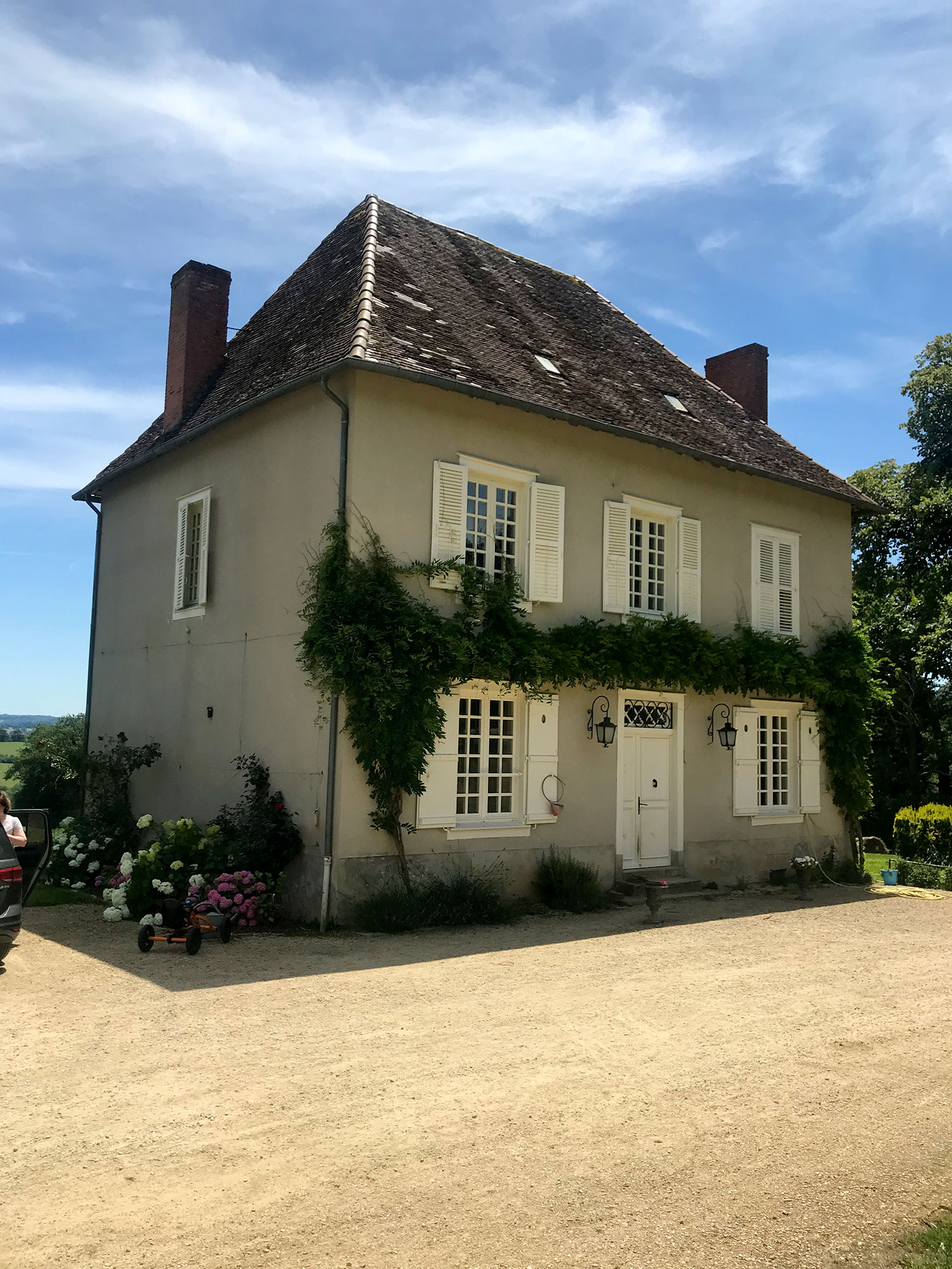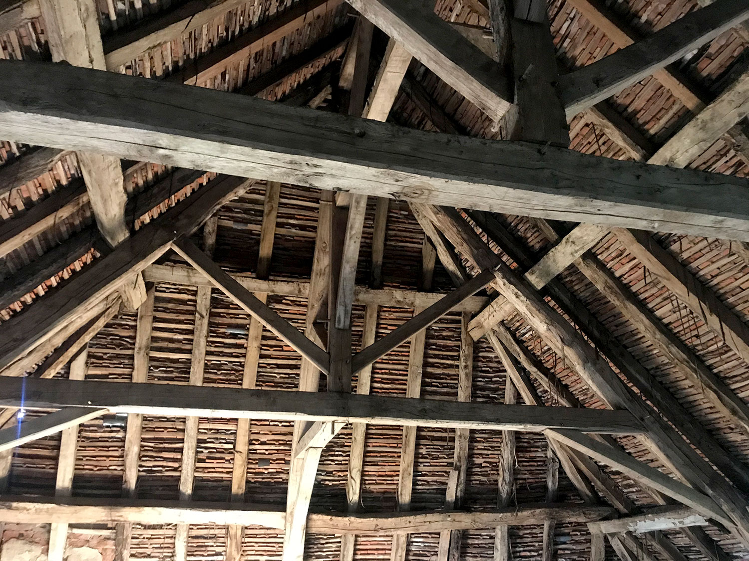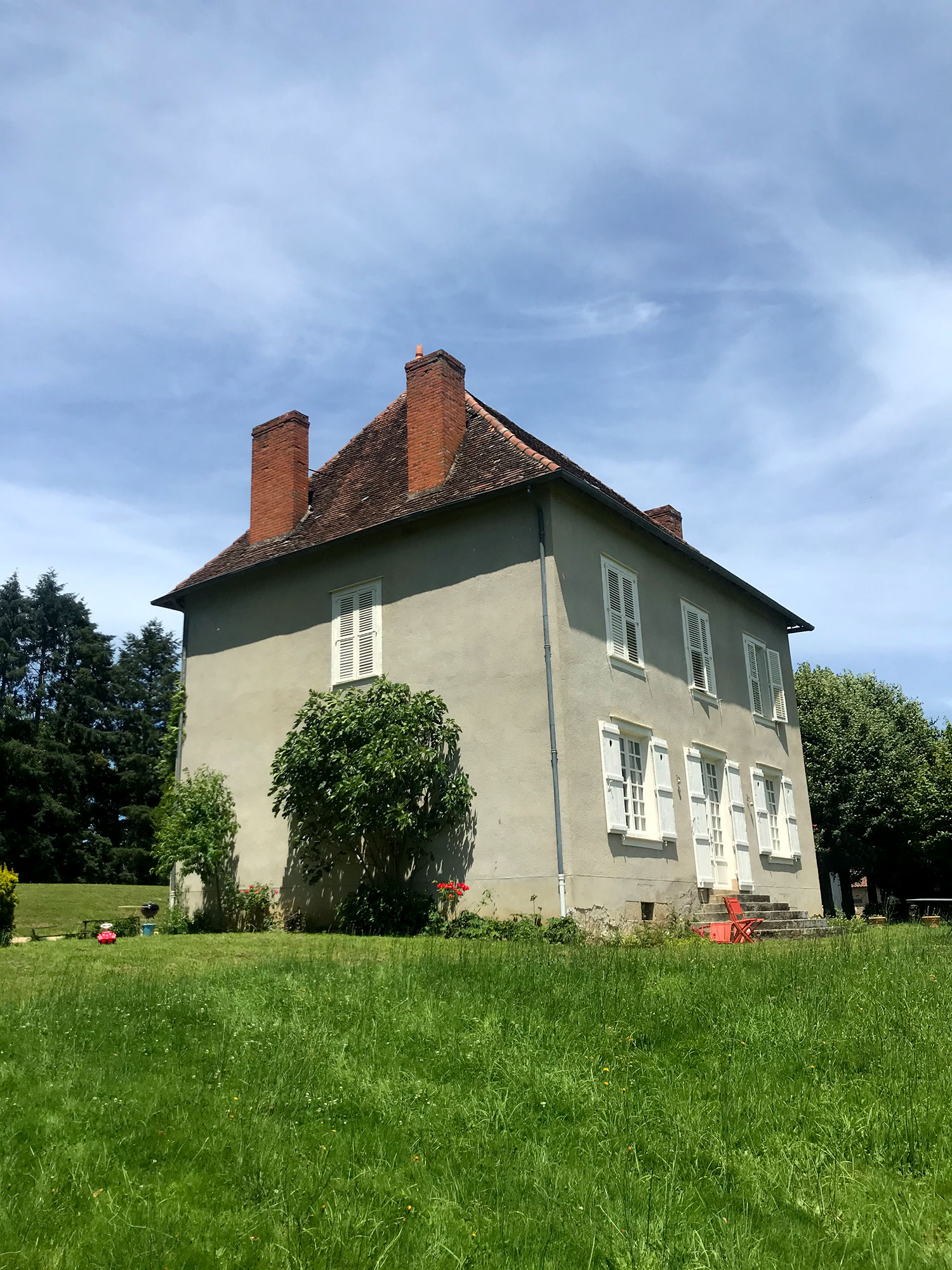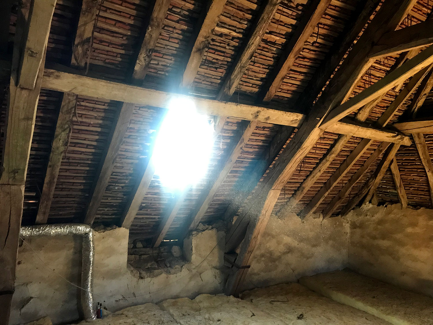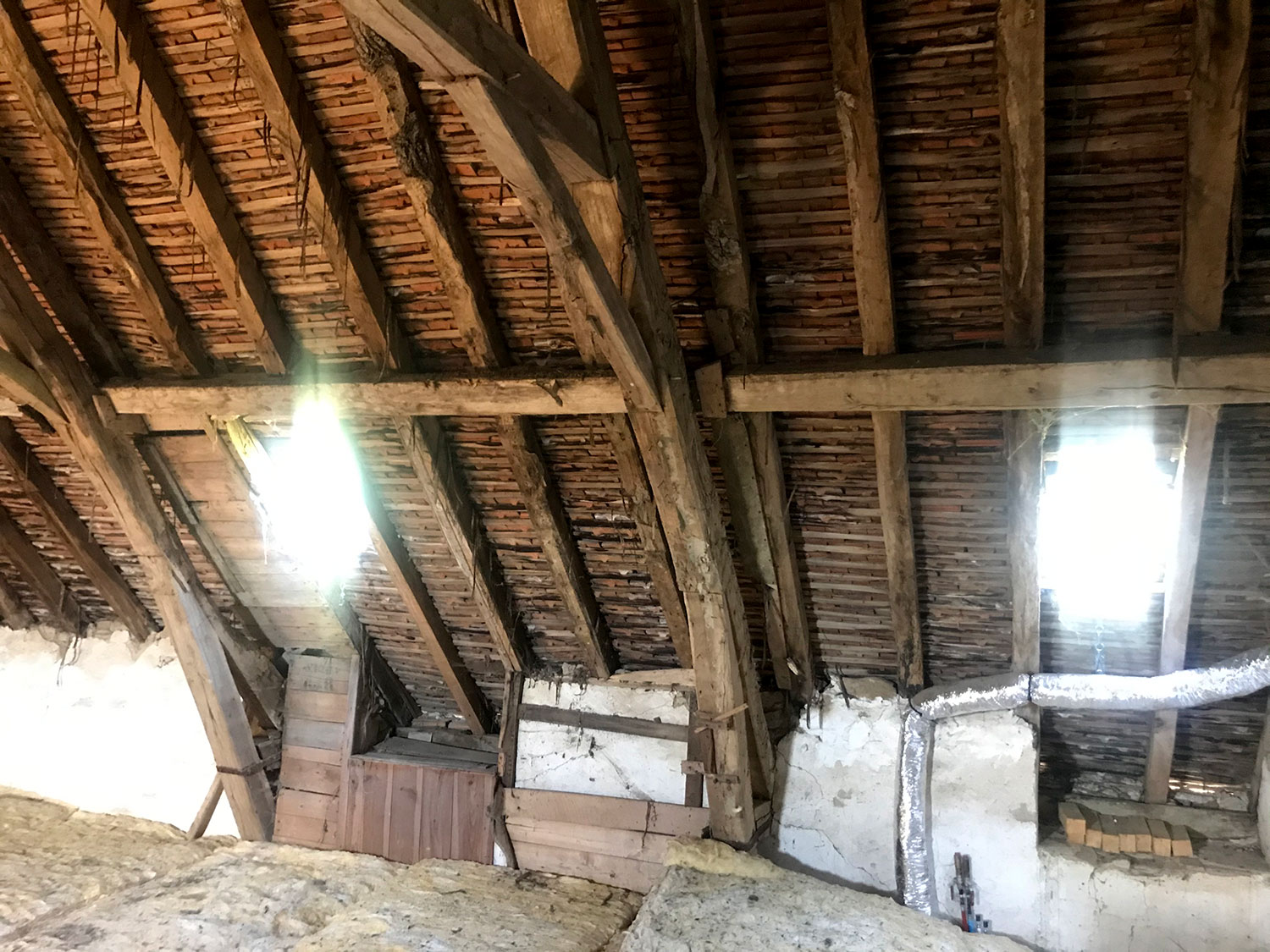 Cette maison limousine bénéficiant d’une belle hauteur sous charpente, le comble va être isolé et aménagé pour abriter trois chambres et une salle de bain. La couverture sera refaite à neuf en petites tuiles modèle patrimoine, et quatre lucarnes capucines seront taillées sur-mesure et posées à leurs anciens emplacements, toujours visibles dans la maçonnerie.
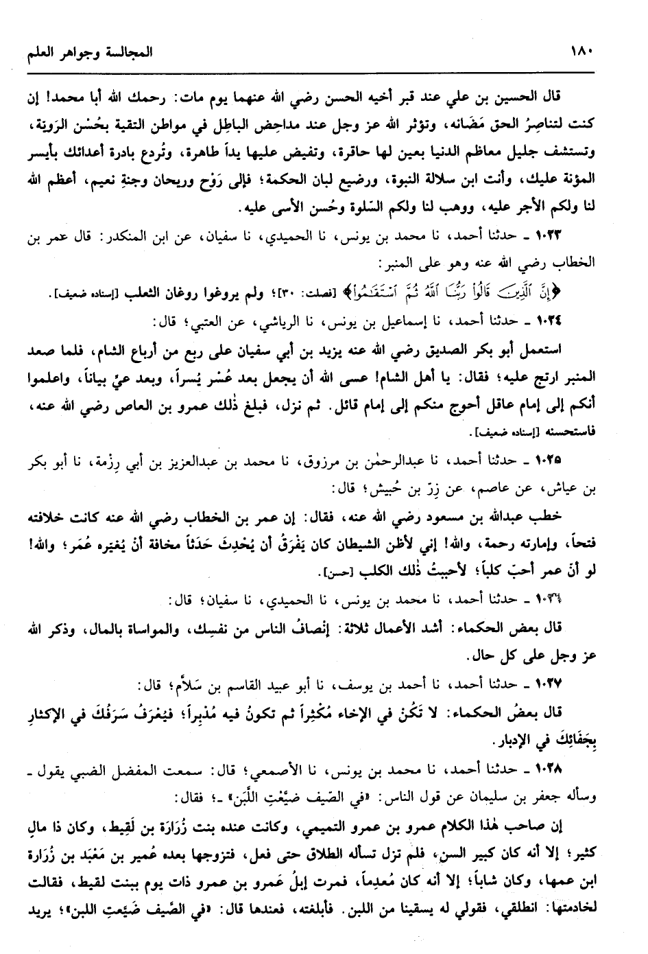 فلما قرأ معاوية الكتاب قال لعنة الله عليه ما أدري ما هذا ما له إلا ابن عباس فأرسل إلى ابن عباس فساله عن ذلك فقال أحب كلمة إلى الله لا إله إلا الله لا يقبل عملا إلا بها وهي المنجية والثانية سبحان الله وهي صلاة الخلق والثالثة الحمد لله كلمة الشكر والرابعة الله أكبر فواتح الصلوات والركوع والسجود والخامسة لا حول ولا قوة إلا بالله وأما أكرم عباد الله عليه فآدم خلقه الله بيده وعلمه الأسماء كلها وأكرم إمائه عنده مريم أحصنت فرجها والأربعة التي فيها الروح ولم ترتكضن في رحم فآدم وحواء وعصى موسى وكبش إبراهيم عليه السلام والقبر الذي سار بصاحبه فقبر يونس بن متى في بطن الحوت والمكان الذي لم تصبه الشمس إلا مرة واحدة فالبحر فلقه موسى {صلى الله عليه وسلم} بعصاه وقوس قزح أمان لأهل الأرض من الغرق والمجرة فهي باب السماء إسناده ضعيف جدا
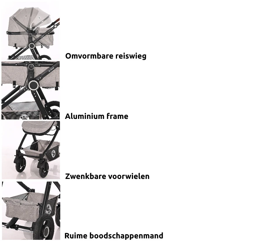 - Reiswieg omvormbaar tot wandelwagenzitje voor latere leeftijd
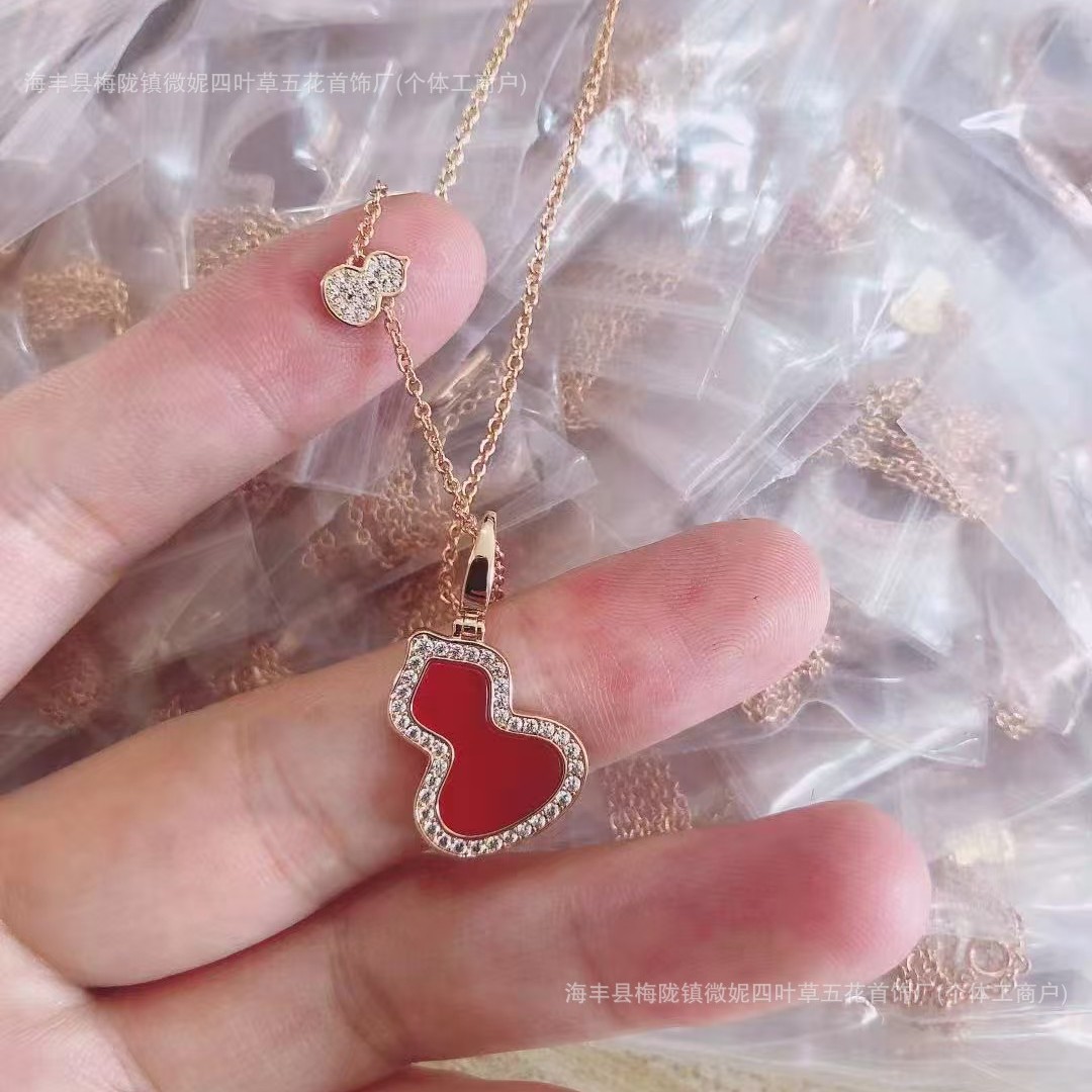High-End Gold-Plated Gourd Necklace with Thick 18K Rose Gold Plating, Natural Red Agate and White Mother-Of-Pearl Pendant with Diamond-Encrusted Double Gourd
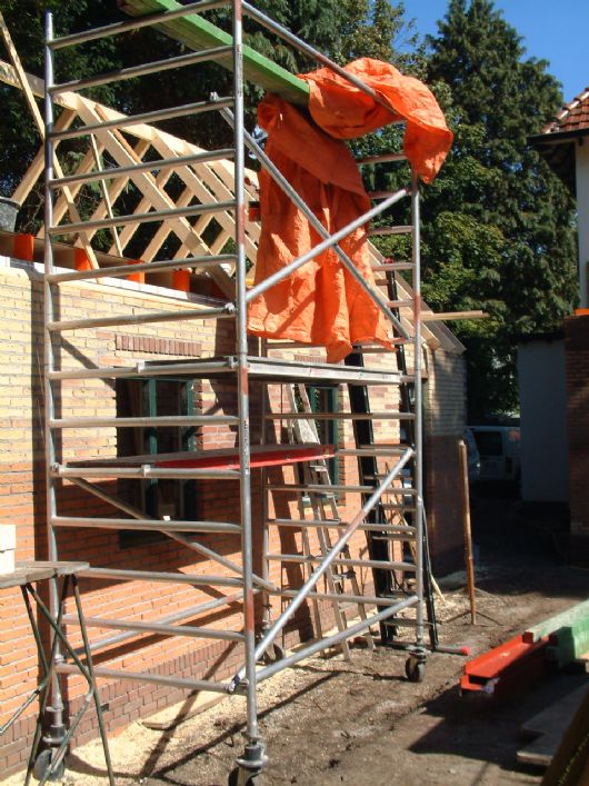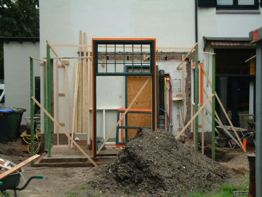 |  | Stelwerk kozijnen De kozijnen zijn gesteld.
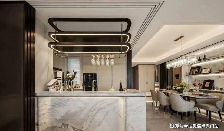 厨房与餐厅打造半开放式格局,隐形推拉门既可以隔绝烟火,平时收入墙内让空间一体、开阔大气!

• **Your assignment**:
For this exercise, transcribe the data exactly but without its pictures.

• **Answer space**:
 Cette maison limousine bénéficiant d’une belle hauteur sous charpente, le comble va être isolé et aménagé pour abriter trois chambres et une salle de bain. La couverture sera refaite à neuf en petites tuiles modèle patrimoine, et quatre lucarnes capucines seront taillées sur-mesure et posées à leurs anciens emplacements, toujours visibles dans la maçonnerie.
 فلما قرأ معاوية الكتاب قال لعنة الله عليه ما أدري ما هذا ما له إلا ابن عباس فأرسل إلى ابن عباس فساله عن ذلك فقال أحب كلمة إلى الله لا إله إلا الله لا يقبل عملا إلا بها وهي المنجية والثانية سبحان الله وهي صلاة الخلق والثالثة الحمد لله كلمة الشكر والرابعة الله أكبر فواتح الصلوات والركوع والسجود والخامسة لا حول ولا قوة إلا بالله وأما أكرم عباد الله عليه فآدم خلقه الله بيده وعلمه الأسماء كلها وأكرم إمائه عنده مريم أحصنت فرجها والأربعة التي فيها الروح ولم ترتكضن في رحم فآدم وحواء وعصى موسى وكبش إبراهيم عليه السلام والقبر الذي سار بصاحبه فقبر يونس بن متى في بطن الحوت والمكان الذي لم تصبه الشمس إلا مرة واحدة فالبحر فلقه موسى {صلى الله عليه وسلم} بعصاه وقوس قزح أمان لأهل الأرض من الغرق والمجرة فهي باب السماء إسناده ضعيف جدا
 - Reiswieg omvormbaar tot wandelwagenzitje voor latere leeftijd
High-End Gold-Plated Gourd Necklace with Thick 18K Rose Gold Plating, Natural Red Agate and White Mother-Of-Pearl Pendant with Diamond-Encrusted Double Gourd
 |  | Stelwerk kozijnen De kozijnen zijn gesteld.
 厨房与餐厅打造半开放式格局,隐形推拉门既可以隔绝烟火,平时收入墙内让空间一体、开阔大气!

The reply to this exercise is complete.